I don’t think “each goroutine is guaranteed a full CPU core” is accurate at all, but GOMAXPROCS is still (probably) the right number of workers. Dealing efficiently with (many) more goroutines than there are threads is the point of the scheduler — to some extent it’s the point of the language. Having more than GOMAXPROCS goroutines is a normal condition, and you should expect them to get scheduled fairly, and not to contend with each other significantly unless you’re actually using nearly all of the available CPU (which usually isn’t the case).
But if you have fewer than GOMAXPROCS goroutines in your worker pool, then if a bunch of work comes in and nothing else is going on, you’re leaving performance on the table by not bursting onto all of the available cores immediately.
And if you follow that logic, then you can see why, although setting GOMAXPROCS equal to your quota share is a somewhat reasonable thing to do, it’s not the only reasonable thing to do, or even the obviously correct thing to do. Setting GOMAXPROCS equal to your quota share means that every Go thread can use 100% CPU all the time and you won’t get throttled by the OS scheduler. But if you set GOMAXPROCS to the number of actual cores, you can potentially use all of those cores at once… as long as you do it in a burst that’s short enough that you don’t get throttled.

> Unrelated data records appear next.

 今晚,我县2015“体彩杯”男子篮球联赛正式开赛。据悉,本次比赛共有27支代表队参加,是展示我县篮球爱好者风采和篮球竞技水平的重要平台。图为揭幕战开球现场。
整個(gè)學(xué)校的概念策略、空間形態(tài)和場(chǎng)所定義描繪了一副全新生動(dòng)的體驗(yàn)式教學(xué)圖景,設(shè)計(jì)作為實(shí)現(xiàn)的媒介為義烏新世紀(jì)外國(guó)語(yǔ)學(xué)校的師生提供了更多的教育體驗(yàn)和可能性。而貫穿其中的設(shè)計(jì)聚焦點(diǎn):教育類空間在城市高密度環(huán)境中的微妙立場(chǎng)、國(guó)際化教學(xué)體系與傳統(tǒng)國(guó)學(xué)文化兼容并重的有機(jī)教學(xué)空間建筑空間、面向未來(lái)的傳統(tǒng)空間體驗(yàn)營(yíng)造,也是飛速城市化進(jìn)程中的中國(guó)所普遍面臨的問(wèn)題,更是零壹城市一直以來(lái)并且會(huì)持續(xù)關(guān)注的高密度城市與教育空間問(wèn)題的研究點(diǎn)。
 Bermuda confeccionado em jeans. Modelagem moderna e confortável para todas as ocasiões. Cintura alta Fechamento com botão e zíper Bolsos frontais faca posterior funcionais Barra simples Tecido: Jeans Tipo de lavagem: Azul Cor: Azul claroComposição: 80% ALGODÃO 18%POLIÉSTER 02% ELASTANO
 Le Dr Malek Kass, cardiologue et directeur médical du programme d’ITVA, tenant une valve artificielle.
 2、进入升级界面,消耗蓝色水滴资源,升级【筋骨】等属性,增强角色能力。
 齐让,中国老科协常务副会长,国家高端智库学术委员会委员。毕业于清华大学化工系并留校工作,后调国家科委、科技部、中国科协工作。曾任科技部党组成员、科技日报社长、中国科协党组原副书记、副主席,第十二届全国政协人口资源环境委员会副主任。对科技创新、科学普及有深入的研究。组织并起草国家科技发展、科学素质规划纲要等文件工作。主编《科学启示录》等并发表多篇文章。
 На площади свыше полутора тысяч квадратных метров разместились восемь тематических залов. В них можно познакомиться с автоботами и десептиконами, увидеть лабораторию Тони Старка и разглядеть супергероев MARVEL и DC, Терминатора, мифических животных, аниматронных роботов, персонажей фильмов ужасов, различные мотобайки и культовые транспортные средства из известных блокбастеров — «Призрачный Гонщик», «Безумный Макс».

When you’re dealing with a “web” sort of workload (requests arrive randomly, you do a tiny bit of work to parse them, and then you quickly block on a database server or an API or something), it’s very much possible that you will get faster response time numbers by not lowering GOMAXPROCS, or by setting it to some intermediate value. The best answer really does depend on the nature of your code, what other loads it’s sharing the machine with, and whether you’re trying to optimize for latency or throughput.
So why even use GOMAXPROCS as the size for a worker pool?
A lot of times, you don’t need a worker pool to begin with, you can just do stuff. If an HTTP server uses a goroutine to service each request, and each of those spawns off a dozen goroutines to do this and that, no big deal, even up to high client counts. But somewhere around a million goroutines you may start to notice some scheduling degradation, or feel the pinch of having that many stacks in memory. So if you were doing something like scraping the entire web, you wouldn’t want to write
because sooner or later it would explode. Instead you would do the downloading in a worker pool sized to the number of parallel requests you want to make (which has nothing to do with GOMAXPROCS; constraints like that come from elsewhere), and the parsing in another pool (which might be GOMAXPROCS-sized), and feed them using channels.